Jakub Špaňhel: From the sacred to the profane

16.08.2012 08:03

PraguePost: Špaňhel's paintings range from the cathedral to the barnyard

 

In these pages nine years ago, a review of the painter Jakub Špaňhel's first big solo show in Prague concluded by calling him a highly gifted young artist - a talent to watch. He was fresh out of the art academy at the time, and his show at the City Gallery Prague's Old Town Hall space presented his graduation project, a magnificent set of large-scale church interiors. The show was titled simply "26," to emphasize his precocious artistic achievement.

It has been gratifying to follow this artist's development over the past decade, and now the same institution that gave him that important solo show at 26 is surveying his still-young career at its larger and more prestigious exhibition space in the Municipal Library. (The gallery has been divided for the summer to hold two parallel but independent exhibitions; the other one, by Lubomír Typlt, will be reviewed in a forthcoming issue.)

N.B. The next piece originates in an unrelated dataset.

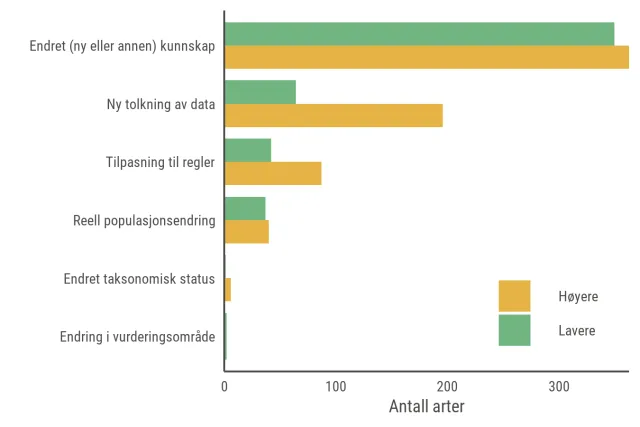Det er ulike årsaker til at arter er vurdert til en annen kategori. Ofte er det ikke en enkelt faktor, men en samlet vurdering av flere faktorer som ligger til grunn for endringene.

Špaňhel's "Hens in Hell" begins with a selection of the work that established his reputation, inspired by reproductions of paintings by Oldřich Blažíček (1887-1953), who specialized in church interiors. At the other end of the spectrum, both chronologically and thematically, are his newest paintings, of barnyard animals, which were also inspired by works of the Czech artist Bohuslav Reynek (1892-1971). In between, his themes range from urban landmarks to national banks, from nudes to chandeliers.

 

As Špaňhel's dramatic early paintings of sacral architecture and meditations on mortality (crematoria and graves) gave way to more earthly themes such as service station nocturnes - a series that has yielded some of his most beautiful work - the underlying substance has remained constant: the dematerialization of spatial forms to get at the kernel of his subject, and a love of light. He has also shown an ongoing interest in the relationship of a contemporary creator to the art and monuments of the past.

Jakub Špaňhel: Hens in Hell 
City Gallery Prague-Municipal Library 
Ends Sept. 9. Mariánské nám. 1 (entrance on Valentinská), Prague 1-Old Town. 
Open Tues.-Sun. 
10 a.m.-6 p.m.

Combining bravura gestural brushwork with a sense for monumentality, Špaňhel delivers a distilled essence of his subject, adding a minimum of details with unerring strokes. The best ones pulsate with a sense of immediacy for the viewer and convey the impassioned physicality of their creation.

The age-old problem of how to express light with pigment has been one of Špaňhel's formal preoccupations since his student days, as evidenced by his earliest piece in the show: a studio interior bathed in a warm rosy glow. He moved on to recreating the hazy light that streams through cathedral windows with thin washes of white and gray. In one phase, Špaňhel turned up the drama considerably with bucketsful of gold paint, which he has since turned down to a more subtle accent - to great effect. He has continued in his exploration of light in sublime nocturnes of service stations and rainy streets, and also in a series of chandeliers.

Špaňhel initially painted chandeliers as props in a series of nude paintings, but they eventually became an independent theme. While the nudes are perhaps his least compelling paintings in the show, uncharacteristically flat and static, the chandeliers literally and figuratively shine, sometimes seeming like a statue column surrounded by a blaze of votive candles.

The show takes a somber turn with two paintings of national central banks (Macedonia's and Brazil's, from a larger series). Painted in 2008 and 2009, they strike an appropriate chord of austerity and decline, in tune with the world financial crisis that began at that time. They are his most abstract works in the show and contain the least amount of light.

His newest works, the previously mentioned barnyard animals inspired by Reynek (who had a retrospective at the City Gallery last year), have an atypical two-dimensionality, at times mimicking the surface effects of prints. The title subjects - Goat in a Field or Two Turkeys and a Donkey, for example - recall animals from cave paintings; they seem to dissolve into the flat abstract brushwork and then emerge from it, as if from a fog.

A barnyard motif also appears near the beginning of the show, in a small room that the artist stenciled floor to ceiling with chickens using a specially made paint roller - a technique he began experimenting with as a student. In Hens in Hell, from which the show takes its title, the viewer is enveloped in an inferno of black chickens backlit by an aurora of blazing red.

The paint-roller technique appears elsewhere, in uneven rows of crosses, giving a sense of driving past a steady stream of grave markers through day and night. The overall feeling, while somber, is ultimately of the predominance of light over dark.

The continuous thread running through Špaňhel's work is a masterful sense of space, whether he is painting cathedrals or fuel pumps, and his talents shine brightest when he lets himself get swept away in the various qualities of light. The City Gallery has proved once again that its curators are keen at spotting promising young artists and continuing to support them as they mature. It should be exciting to watch Špaňhel's continued evolution.